La metodologia di aggregazione statistica dei dati di QUARS e BIL è identica, e nemmeno le
classifiche differiscono molto: le regioni (per il BIL le province, ma poco cambia) centrali vengono
premiate a scapito delle più ricche regioni del nord, mentre le regioni del sud occupano gli ultimi
posti di entrambe le classifiche. Tralasciando il fatto che questo risultato delude i molti che si
aspettano che invertendo la logica del PIL vengano premiati il sole, l’ottima cucina, la bassa
industrializzazione e le relazioni sociali del sud, uno si può domandare: che cosa c’è di diverso
tra questi due lavori? Ed è qui che arriviamo al punto. Il BIL sembra piuttosto un esercizio di stile
che rimane sulla superficie considerata la complessità del fenomeno che vuole misurare. É un
disegno appena abbozzato che non permette di
zoomare all’interno di ciascuna dimensione di per sé altrettanto complessa e interessante. La
dimensione sicurezza per esempio: mentre nel rapporto Stiglitz si parla di sicurezza in termini di
vulnerabilità, ovvero di esposizione a rischi o a shock improvvisi che possono essere la perdita
del lavoro, della salute piuttosto che rischi di natura fisica come terremoti e alluvioni, per i
ricercatori del
Sole24Ore la sicurezza ha un solo volto: quello della criminalità. Così la dimensione salute si
riduce al tasso di mortalità infantile (tra l’altro quello italiano è uno dei più bassi al mondo), le
relazioni sociali alla spesa per andare al cinema o a teatro e la dimensione ambiente è
identificata con le emissioni di CO2. Le pari opportunità non vengono neppure prese in
considerazione. Lungi dal voler affermare il lavoro della Campagna Sbilanciamoci! come
ultimativo ed esaustivo, il set di 42 indicatori che descrivono 7 dimensioni messi in campo nella
costruzione del QUARS forse permette di andare ad analizzare un po’ più a fondo i fenomeni
per cercare delle soluzioni di policy più coerenti: non c’è dubbio che ridurre le emissioni di CO2
sia una priorità ma siamo sicuri che basti a migliorare l’ambiente? o forse bisogna parlare anche
di inquinamento acustico, delle acque o di sfruttamento insostenibile delle risorse? Ovviamente la
mortalità infantile è un dato da monitorare, ma forse all’amministratore di un paese avanzato
interessa capire quali possano essere altre cause di mortalità evitabile, come tumori o violenze, o
l’accessibilità dei servizi sanitari. E si potrebbe estendere il ragionamento a tutte le dimensioni
tirate in causa, tanto che viene da chiedersi perché il Sole abbia abbandonato il vecchio lavoro
sulla qualità della vita basato su un set di informazioni molto più ricco.

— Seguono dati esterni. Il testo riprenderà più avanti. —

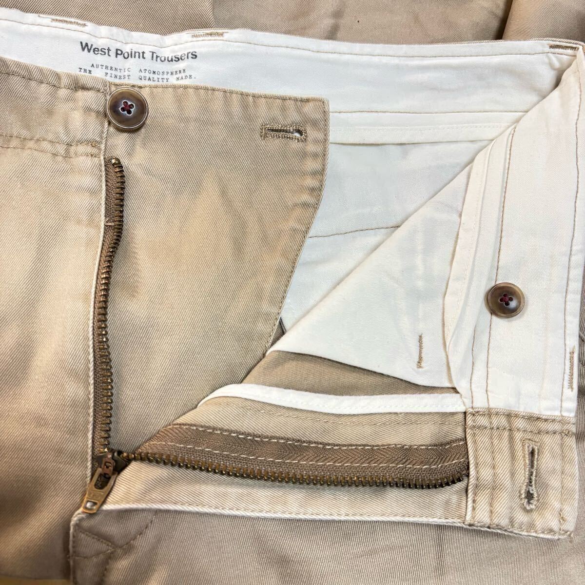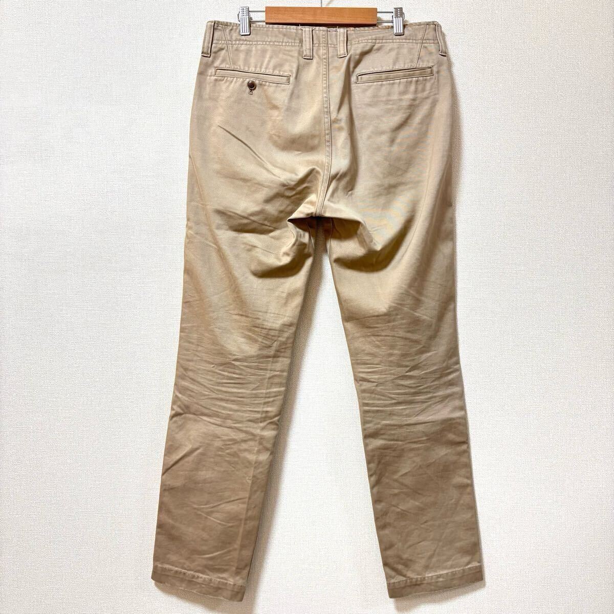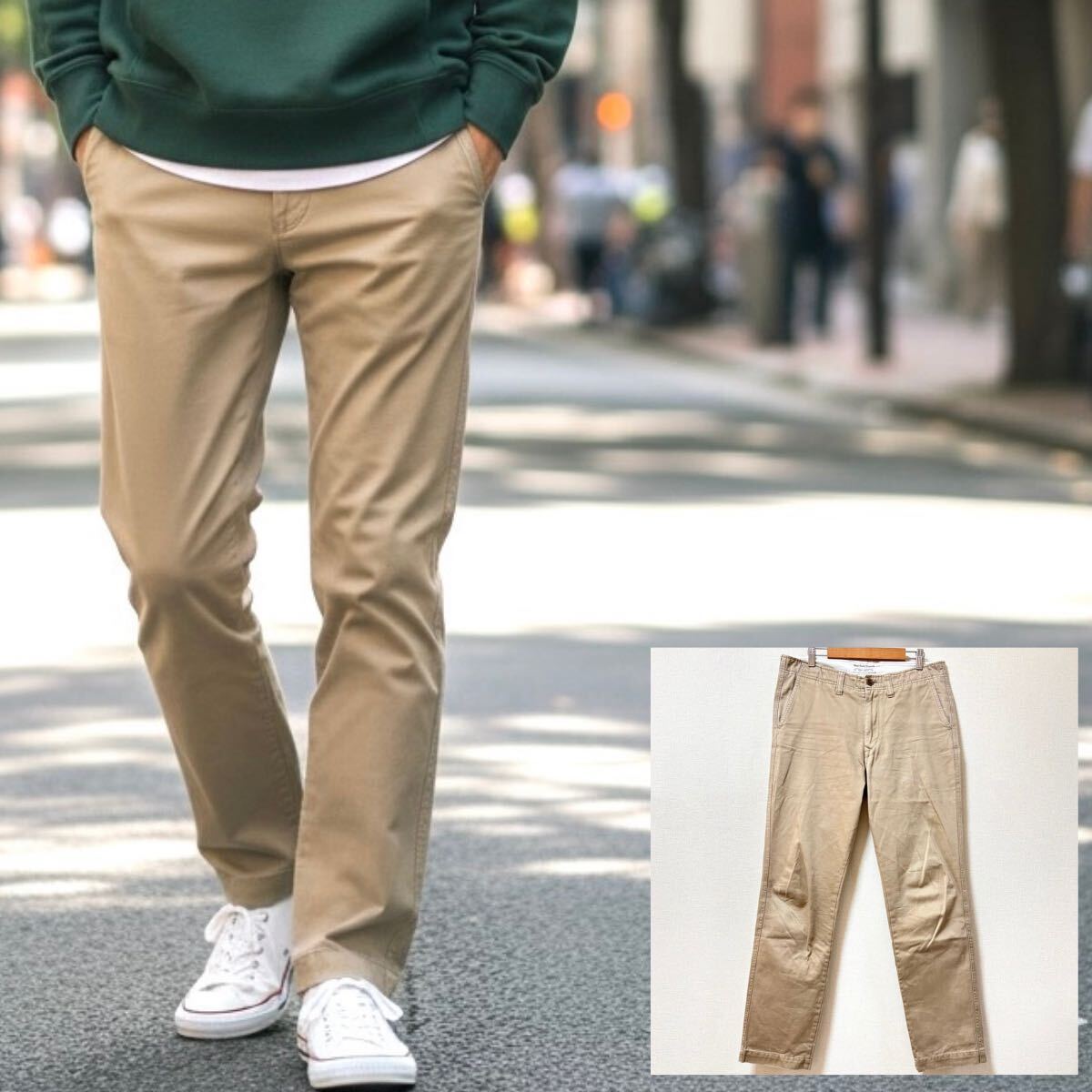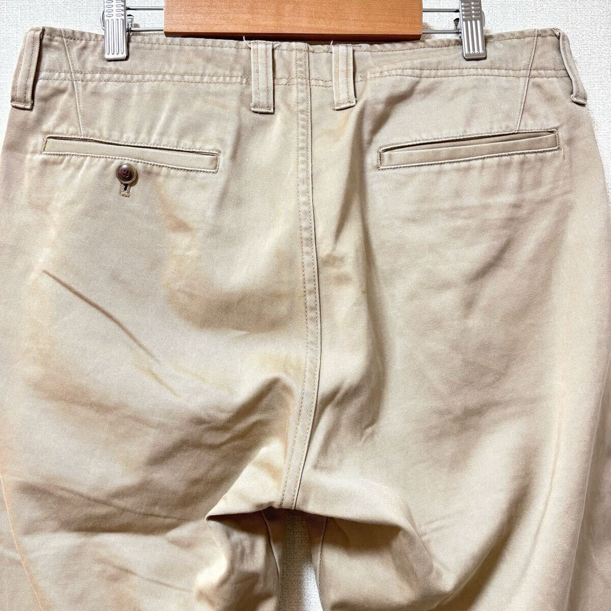 ABAHOUSEのチノパンです。ハリのあるコットン100%素材で仕立てられたストレートシルエットのパンツになります。カジュアルにもクリーンにも合わせやすいベーシックなスタイルです◎フロントに一部に薄いシミがありますが、その他に目立つキズや汚れなどはないのでまだまだお使いいただけると思います^ ^

Sentire il Sole24Ore o Sarkozy che parlano della necessità di superare il PIL è un po’ come
sentire Fini parlar bene della finanza etica, la Merkel della Tobin tax o ancora Tremonti di tassare
gli extraprofitti delle imprese energetiche. Certamente sarebbe sbagliato non cogliere con
soddisfazione il successo politico che stanno ricevando quelle che per anni sono stati i cavalli di
battaglia di molti movimenti. Ma non sarà forse che i liberisti conservatori ci stanno solo
dimostrando come è facile predicare bene per poter continuare a razzolare male ed indisturbati?